I was playing around with a really cool and easy to use analysis tool for Excel, Analyse It. And I thought I'd show how easy it is by running an old data set through it. So here is some quick analysis of an old political campaign I worked on. Seriously, this took about 30 minutes total. 
We won the race overwhelmingly. In fact we won every precinct in the city. One thing the tool allows you to do is compare groups of data. Here is our vote share by city ward, with each blob representing a precinct:
This type of chart can be created with about three button presses. It shows we won big in our home ward (yay!). It also shows the distribution of precincts. They were pretty bunched together, but it might be interesting to look at the outliers. Why were they so different?

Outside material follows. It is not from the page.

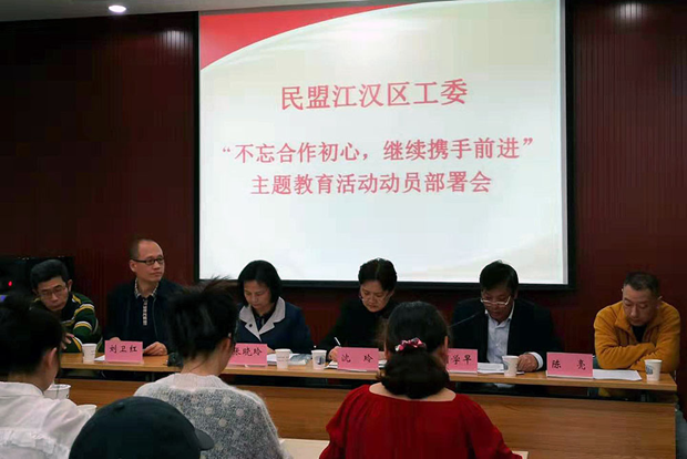 会议由区工委副主委胡学早主持。副主委刘卫红作宣读了《民盟武汉市委开展“不忘合作初心继续携手前进”主题教育活动实施方案》,工委委员刘青云宣读了《民盟江汉区工委主题教育活动实施细则》。

We did an ok job of predicting where turnout was going to come from. I can tell this by running a regression of our predicted turnout by precinct and the actual turnout by precinct. The tool does this very simply, with no specialist knowledge required:
This graph also takes about three button presses to generate, and comes with a neat set of stats telling us that we did an ok (not great) job of predicting turnout by precinct. But then we should have done, since historical turnout by precinct was widely available, and the best predictor of future behaviour is past behaviour.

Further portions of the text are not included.